Here we have a serious problem: America is addicted to oil ...”
—George W. Bush
“I wanted to use my experiences to tell my story about addiction ....”
—James Frey, "A Note to the Reader," A Million Little Pieces
I awake when a flight attendant trips on the oil slick that has oozed from my pores into the aisle.
Where are we?
Newark, she says from the floor, and you are far too lubricated to continue on to Lagos.

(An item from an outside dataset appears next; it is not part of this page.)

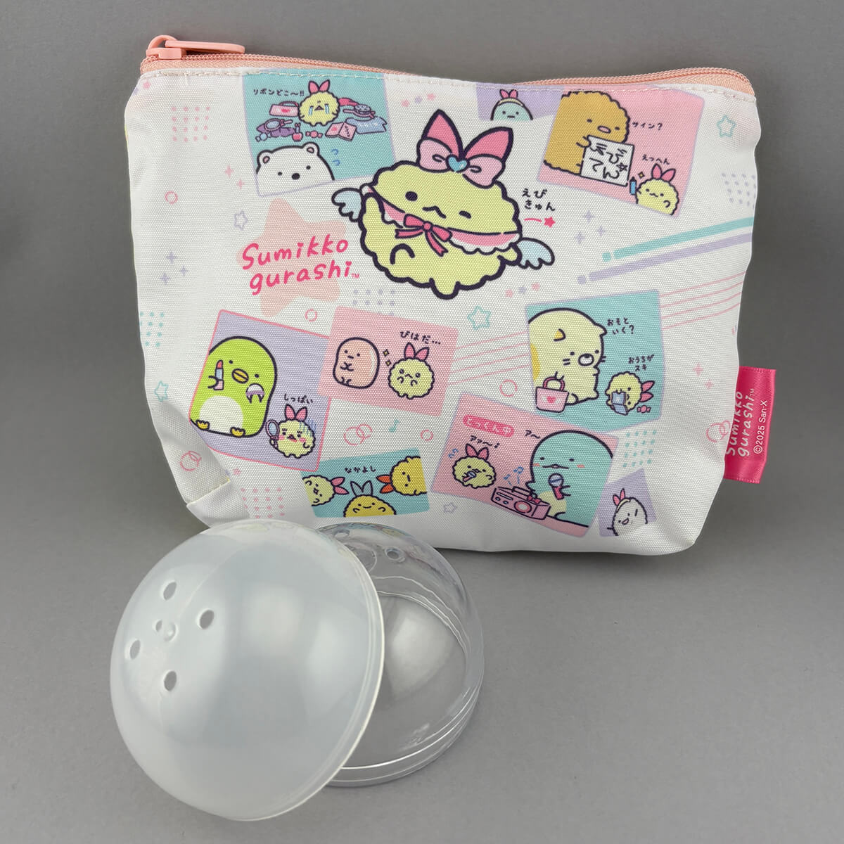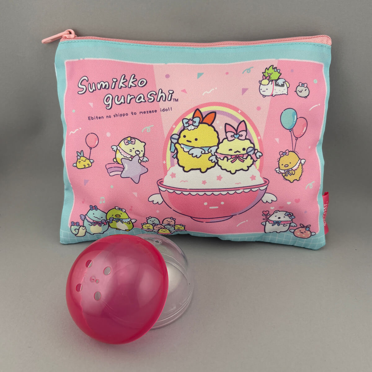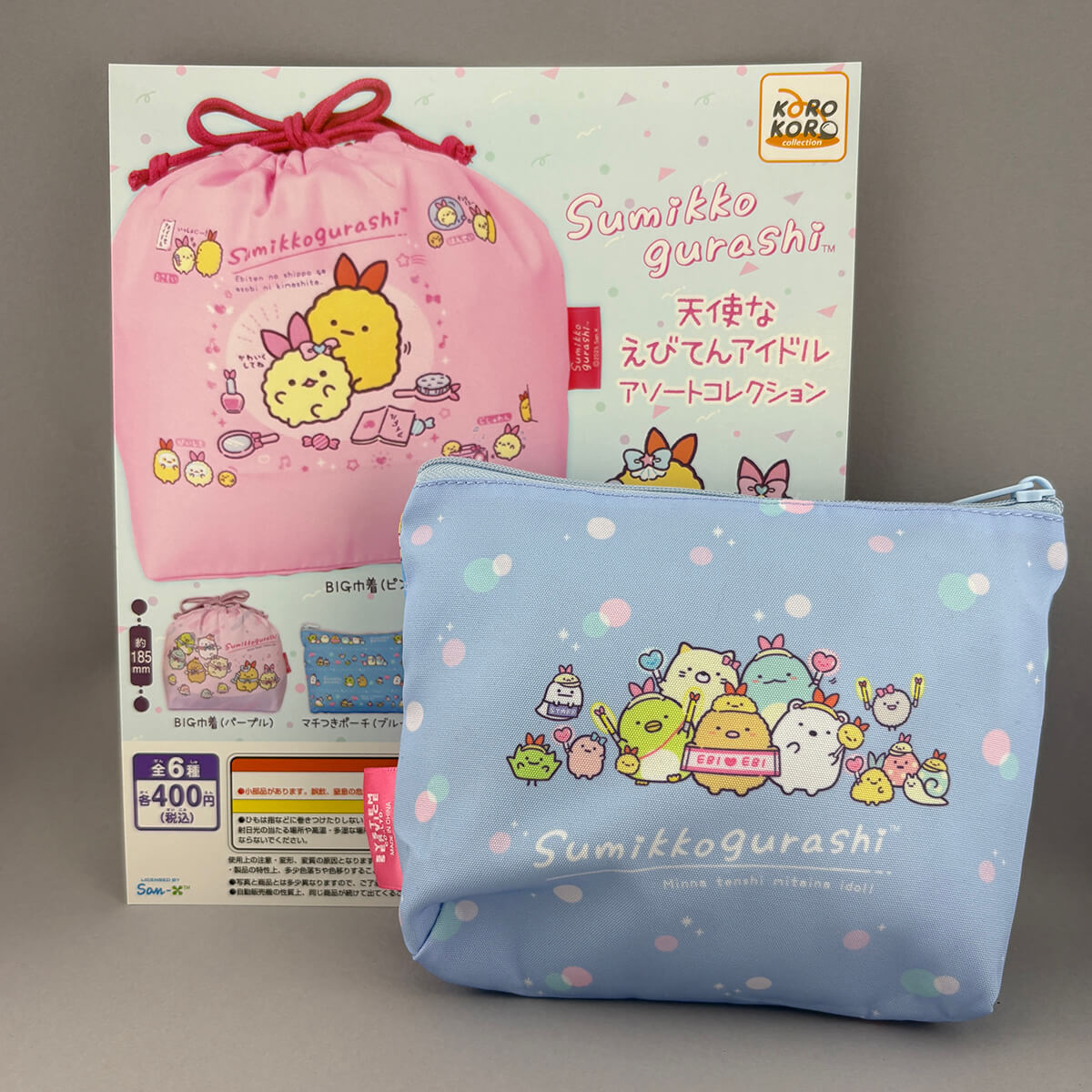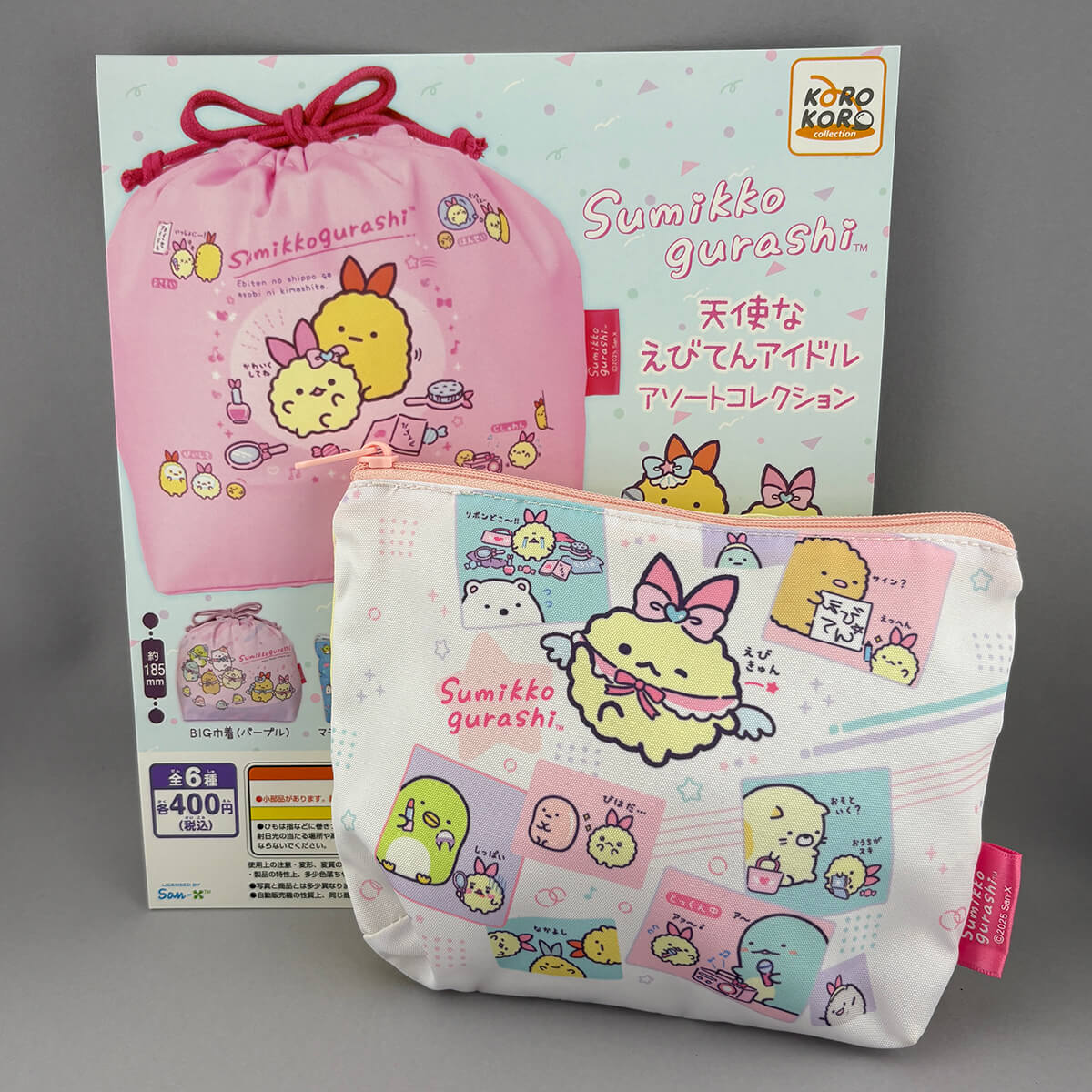 There are six different Sumikko Gurashi pouches to collect, featuring Ebiten no Shippo, who was leftover from a tempura donburi bowl, and dreams of being an idol. The story goes: One day, Tonkatsu came back with a friend who looked like Ebifurai no Shippo. This friend was Ebiten no Shippo. "I hope one day I can stand on the stage I've always dreamed of..." Ebiten no Shippo is working hard to achieve their dream.

I feel my face. I don’t know what happened last night, but on my forehead there’s a million little beads of petroleum wanting to go somewhere to die, somewhere deep in the earth, somewhere away from their unhappy passage through an oil junkie on a fuel-sucking aircraft in a country so addicted to the black gold that its leader took the pledge before his congress and half the world.
Look at you, says the attendant.
I look at me. My hands are cut, probably from when I ripped open a can of 50W-20 engine oil or jammed a spout into the thing while crouching in the lav as I’ve been doing since I left L.A. on an insane quest to score a couple of barrels in Nigeria. The necktie my mother gave me stinks of gasoline and I fuzzily recall dipping it into the tank of an airport limo when no one was looking. On my shoes are clots of the petroleum jelly I spread there to feed my craving when nothing or no one else is left to exploit and abuse for one last hit of lubricious oblivion.
Oil. I love it. I need it. When I can get it I want the good stuff, the foreign oil, the eighty-bucks-a-barrel crude and I don’t care who it hurts or whose national deficits explode all I know is I want it—the stuff aged under the seas, torn from the deserts, sweetened in the holds of supertankers. And when I can’t get primo, I’ll take the Gulf, the Texan, the Alaskan juice—tear up the wilderness I don’t care just give it to me and if I can’t get Prudhoe Bay give me the Siberian, the Mex, the Hugo Chavez giveaways, the spills from cracked Nigerian pipes I don’t care give me refined, give me heavy, give me lubricating, give me shale, give me sludge, give me jelly, give me tar, give me plastic, give me crankcase drippings, house paint, polyester, anything, anything, just give me OIL!
I am five years old at the movies. The Tin Man is getting his joints oiled and it feels so, I don’t know.
I’m seven, playing in the garage. My dad has a can of extra gasoline for his lawnmower or motorcycle or pickup or camper and I pour a gallon into my pedal car and it gets all over me and everyone pays attention and it’s a beautiful sensation and I don’t ever want it to stop.
I’m twelve and I’m working Speedee baseball-mitt oil into my fielder’s glove and a big kid grabs the can to use on his catcher’s mitt and I find a bat and crack him across the knees or let’s say I do and he goes down and I keep going at him until they pull me off because nobody touches or takes my oil nobody ever.
I’m nineteen and I’ve got two cars and three girlfriends or three cars and two girlfriends but gas and oil are cheap and one of the girls understands and doesn’t mind the fumes and I think I love her.
I’m twenty-one and on the New Jersey Turnpike hitching to Manhattan from Fort Dix in my Army uniform and I’m gazing at the white storage tanks at the Shell refinery in Sewaren and I’m thinking how I’d just like to dive into all that petroleum and be one with the hydrocarbons and sink to the bottom like the tiny sea creatures that became the oil in the first place because I’m so alone out here...
I’m twenty-six when my parents find me in an alley outside an oil den in Kazakhstan and I’m chewing on a piece of broken asphalt with my four remaining teeth or let’s say I am and they take my hand but it slips away at first because it’s still slathered in the buttery crude I must have come here to savor.
Your parents are waiting for you, says the flight attendant in Newark.
I’m thirty-seven. And this time I won’t slip away. Because oil is bad and God would not allow it to rule us and to addict us if God existed and so it’s up to me to see it for the evil manipulative thing that it is and I’m going to get help and I’m going to start by cutting back twenty percent on foreign oil which is only seventeen percent of what I use anyway but it’s a start or let’s say it is.